お金の力
「いいね」ありがとうございました。
例えば、こんな質問をした場合、皆さんならば何と答えますか?
「世の中、お金で解決できる問題は何割くらいあるか?」
如何でしょうか?
大きな値を思い浮かべた人も多いのではないでしょうか。
しかし、ほとんどの人がこの質問に「九割」と答えたとしても、だからと言って「世の中の九割がお金だ」と言うことにはなりません。
この質問には、大きな値を答えたくなる心理的な仕組みがあるのです。
例えば、「距離のある場所まで行かなければならない」という問題があったとします。
この問題に対し、「タクシーを利用して行く」と言う解決方法が考えられます。
タクシーは、公共交通機関の中でも利便性が高い分、運賃が高いという特徴があります。
他の交通機関に比べて高い料金を払う、つまり、お金で解決できる問題だと言うことになります。
しかし、ちょっと考えてみてください。

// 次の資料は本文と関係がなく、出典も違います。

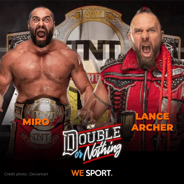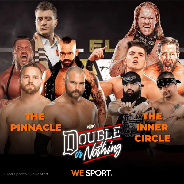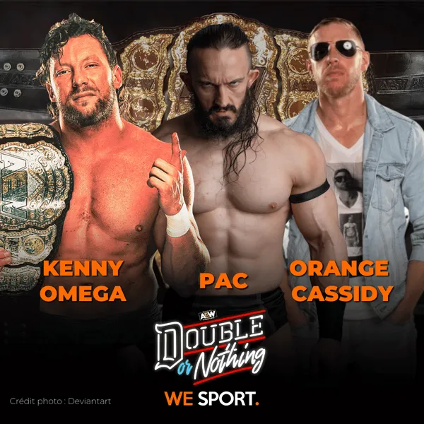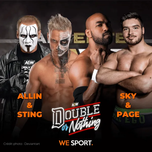 Cette nuit au Daily’s Place de Jacksonville, Floride, aura lieu le pay-per-view AEW : Double or Nothing. Cette carte est composée de dix matchs, dont un match pour le titre féminin de la NWA en pré-show, une bataille royale pour déterminer le prochain challenger au titre AEW, plusieurs matchs par équipe ainsi que plusieurs matchs simples. We Sport vous présente cette carte !
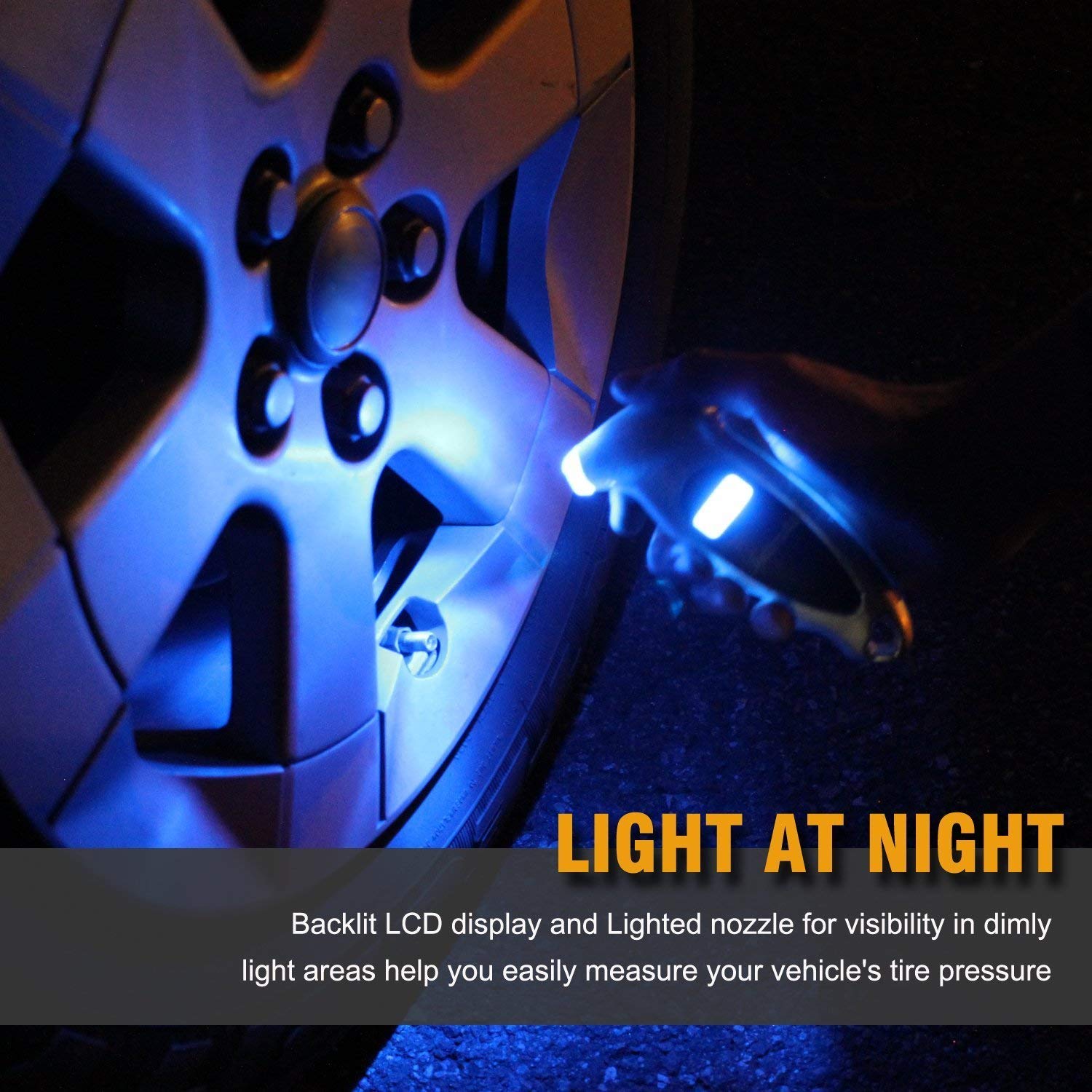 - Caring LCD Backlit]: With the backlit LCD display and illuminated nozzle, the digital tire pressure gauge is visible in dimly light areas or corner

タクシーを利用することだけが唯一無二の解決方法ではありません。
自分が運転免許と自家用車を持っていたら、自分で車を運転して行けばよいのです。
「自前の車で行く」ガソリン代などを無視すればお金以外で解決する方法です。
早目に出発して電車やバスを乗り継ぎ、徒歩も併用して目的地まで行くこともできるでしょう。
「時間をかけて解決する」電車代やバス代を脇に置けば、これもお金以外で解決する方法です。
日頃から近所付合いや親戚付合いを欠かさなければ困った時に車を出して送ってくれる人もいるでしょう。
「義理人情で解決する」付き合いにお金がかかることは置いておいて、やはりお金以外で解決する方法になります。
タクシーで行こうと思うような距離は、意外と自転車で行けたりします。道路の混み方や細い近道なんかがあると車と大差ない時間で到着することもあります。
「若さと体力で解決する」間違いなくお金で解決とは言われない方法でしょう。
このように、幾つもの解決方法があったとしても、その中の一つに「お金で解決」と呼べる方法があれば、「お金で解決できる問題」と見なすことができてしまうのです。
質問を「お金でしか解決できない問題」と言い換えたら、その割合はかなり下がるでしょう。
別の例では、「受験に合格する」という問題を考えてみます。
裏口入学のような直接お金で合格を買うような行為を不正として除外すると、本人の実力で合格する必要があります。
しかし、「高価な教材を揃える」「有名な塾に通う」「家庭教師を雇う」等を考えて「お金で解決できる問題」であると判断する人もいるでしょう。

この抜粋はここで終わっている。